0 Replies Latest reply on May 13, 2016 12:49 PM by tepp

    ConnectX-2 CQE remote access error (Protection Error on remote data buffer) vendor syndrome 0x88

    tepp

      Dell hardware running Oracle Solaris 11.3 serving as a storage appliance:

      Kernel version: SunOS 5.11 11.3
      Entire Version : 0.5.11-0.175.3.4.0.5.0
      System Type:  Dell PowerEdge R730xd

      pci bus 0x0081 cardnum 0x00 function 0x00: vendor 0x15b3 device 0x673c
        Mellanox Technologies MT26428 [ConnectX VPI PCIe 2.0 5GT/s - IB QDR / 10GigE]
        CardVendor 0x15b3 card 0x0021 (Mellanox Technologies, Card unknown)
         STATUS    0x0010  COMMAND 0x0046
         CLASS     0x02 0x80 0x00  REVISION 0xb0
         BIST      0x00  HEADER 0x00  LATENCY 0x00  CACHE 0x00
         BASE0     0x00000000c8000000 SIZE 1048576  MEM64
         BASE2     0x0000037fff800000 SIZE 8388608  MEM64 PREFETCHABLE
         MAX_LAT   0x00  MIN_GNT 0x00  INT_PIN 0x01  INT_LINE 0x0f

       

      Mar 30 21:04:53 zfstgt-1 genunix: [ID 937861 kern.info] mcxnex0: CQE ERR: IB Client 'srpt'
      Mar 30 21:04:53 zfstgt-1 genunix: [ID 204426 kern.warning] WARNING: mcxnex0: CQE ERR: cqe ffffa100fbff5fa0 QPN 0x40064 indx 0x1d81 status 0x13 vendor syndrome 0x88
      Mar 30 21:04:53 zfstgt-1 genunix: [ID 158346 kern.info] mcxnex0: CQE remote access error

       

      Mar 23 22:41:53 zfstgt-2 genunix: [ID 937861 kern.info] mcxnex0: CQE ERR: IB Client 'srpt'
      Mar 23 22:41:53 zfstgt-2 genunix: [ID 204426 kern.warning] WARNING: mcxnex0: CQE ERR: cqe ffffa10004dd6e80 QPN 0x1c0057 indx 0x48d9 status 0x13 vendor syndrome 0x88
      Mar 23 22:41:53 zfstgt-2 genunix: [ID 158346 kern.info] mcxnex0: CQE remote access error

       

      MCXNEX_CONT(state, "CQE ERR: IB Client '%s'", ulp);

      CQE = Completion Queue Entry

      ulp = Upper Layer Protocol

      srpt = SCSI RDMA Protocol Target Driver for Infiniband (IB)

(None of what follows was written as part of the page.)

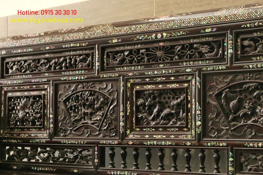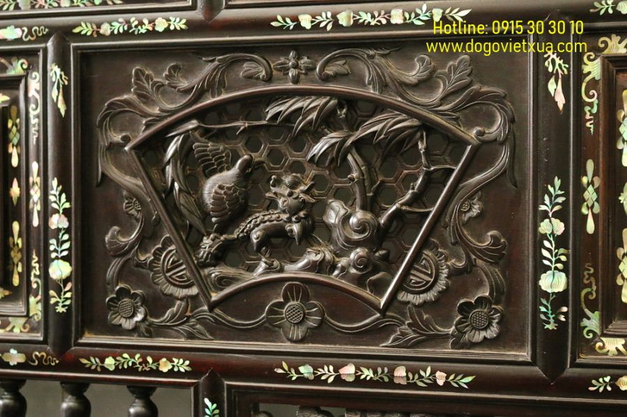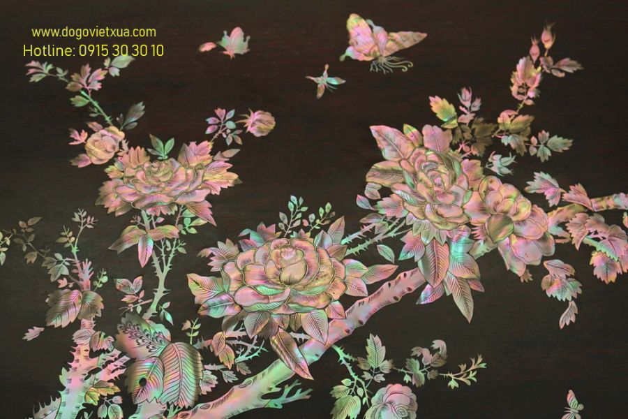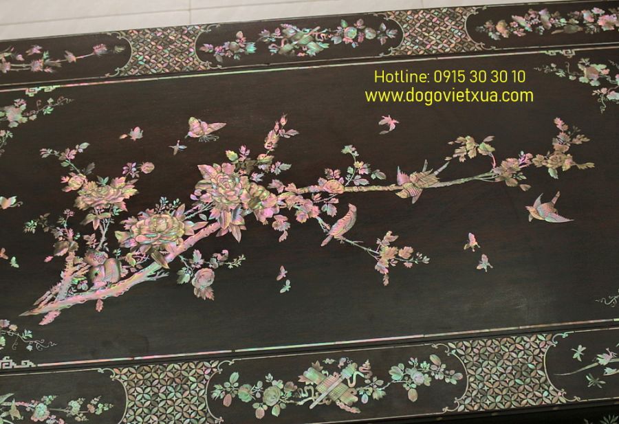 Tuyệt phẩm này được chạm khắc và cẩn ốc xà cừ rất tinh tế, sắc nét, tỉ mỉ và công phu bởi bàn tay nghệ nhân tài hoa bậc nhất, đường chạm rõ nét mềm mại, ốc xà cừ 7 màu sáng rực rỡ mỗi góc nhìn nổi mỗi màu khác nhau đẹp hiếm có.

      QPN = Completion Queue Pair Number

       

      MCXNEX_WARNING(state,

           "CQE ERR: cqe %p QPN 0x%x indx 0x%x status 0x%x "

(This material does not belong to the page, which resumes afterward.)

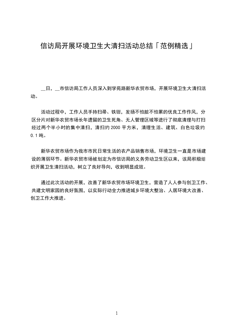 __日,__市信访局工作人员深入到学苑路新华农贸市场,开展环境卫生大清扫活动。

           "vendor syndrome 0x%x", cqe,

           MCXNEX_CQE_QPNUM_GET(cq, cqe),

           MCXNEX_CQE_WQECNTR_GET(cq, cqe), status,

           MCXNEX_CQE_ERROR_VENDOR_SYNDROME_GET(cq, cqe));

       

      status = #define    MCXNEX_CQE_REM_ACC_ERR    0x13

      switch (status) {

           case MCXNEX_CQE_REM_ACC_ERR:

               MCXNEX_CONT(state, MCXNEX_FMA_REMACC);

               ibt_status = IBT_WC_REMOTE_ACCESS_ERR;

               break;

       

      #define    MCXNEX_FMA_REMACC    "CQE remote access error"

      #define    IBT_WC_REMOTE_ACCESS_ERR    23    /* Protection Error on remote data buffer */

       

      Does vendor syndrome 0x88 add further context to this event or just confirm the protection error on remote data buffer?